1. Introduction
Resveratrol is a stilbene-based, polyphenolic compound occurring naturally in nuts, berries, and the skin of grapes, and is present in many food items, particularly red wine [
1]. In recent years, the clinical effects of resveratrol have been studied intensively owing to a plethora of promising effects in cells and animals; among these are improvement in terms of the various consequences of obesity, e.g., impaired insulin sensitivity and low-grade inflammation [
2,
3,
4]. A landmark study demonstrated a shortened life span in diet-induced obese mice and a resveratrol-mediated improvement in longevity despite obesity [
5]. Owing to its purported salutary effects, resveratrol is already being sold as an over-the-counter dietary supplement. Unfortunately, translating the effects of resveratrol to a human setting has proven difficult. Some clinical studies have confirmed the pre-clinical results of resveratrol-mediated improved insulin sensitivity, diminished low-grade inflammation, reduced blood pressure, and reduced amounts of liver fat accumulation [
6,
7]. In contrast, other studies fail to detect any positive physiological effects [
8,
9]. These conflicting results may in part be attributable to differences in study designs, populations, and resveratrol formulations. Some studies have been performed in healthy individuals, and the ability of resveratrol to improve glucose handling in situations with normal glucose homoeostasis has been questioned [
8]. In contrast, it is feasible that the effect of a food ingredient is too weak to demonstrate any measurable consequences in full-blown type 2 diabetes. Thus, subjects suffering from modest degrees of insulin resistance are most likely optimal for the purpose of investigating the possible effects of resveratrol on insulin sensitivity, and probably most comparable to the original mice studies using diet-induced obese mice. Study length may also be of importance. Most studies include intervention periods of only a few weeks [
6,
9]. Obviously, longer studies provide a better determination of the possible effects of resveratrol on chronic conditions such as insulin resistance and low-grade inflammation. Finally, the methods currently used in most studies on resveratrol are targeted towards whole-body effects. Insulin sensitivity, for instance, has been assessed via measurements of specific targets such as plasma insulin, glucose, and HbA1c [
6,
8,
9]. These techniques have their strengths, such as being very specific and applicable in daily clinics; however, the drawback is that findings will be limited to the pre-specified objectives. Likewise, when confining assessment to plasma samples, intracellular effects may be missed.
Recently, the so-called metabolomics approach has been developed. Metabolomic analysis profiles small-molecule metabolites using either a targeted or non-targeted approach [
10]. Through systematic identification and quantification of metabolites in biological systems, e.g. tissues, organs, or fluids at a certain time point, metabolomics directly sample metabolic modulations. Targeted metabolomics allows for very precise measurement of a specific target or an isolated group of related metabolites, whereas non-targeted metabolomics assesses as wide a range of different metabolites as possible.

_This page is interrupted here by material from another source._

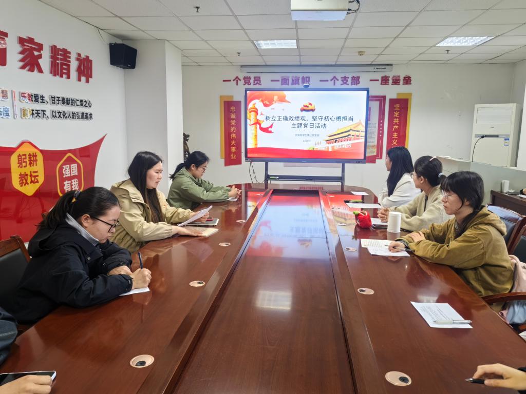 为深入学习贯彻正确政绩观重要论述,强化青年党员责任担当,4月8日下午,我院学生第三党支部在文博北楼612A会议室开展“树立正确政绩观 砥砺实干勇担当”主题党日活动。本次活动由支部书记赵蒙蒙主持,支部全体党员和积极分子参加。

This technique provides a simultaneous screening of multiple metabolic pathways and captures an instantaneous integrated snapshot of the entire physiology of an organism. Metabolomics has the advantage over other “omics” that it integrates changes in gene expression, protein levels, enzymatic activity, and post-translational changes. Previously, metabolomics made it possible to determine changes in the human plasma metabolome caused by various conditions and diseases like sleep restriction [
11,
12], diabetes [
13], and bariatric surgery [
14].
Studies have demonstrated a weak correlation between plasma and muscle metabolite levels, indicating that plasma measurements are poor indicators of skeletal muscle metabolism [
15]. Consequently, metabolomic analysis requires tissue biopsies to allow a detailed examination of changes in the intracellular pathways within this specific tissue. Such metabolic profiling offers the possibility to identify biochemical signatures of cellular metabolism involved in different pathways like glucose, lipid, and protein handling.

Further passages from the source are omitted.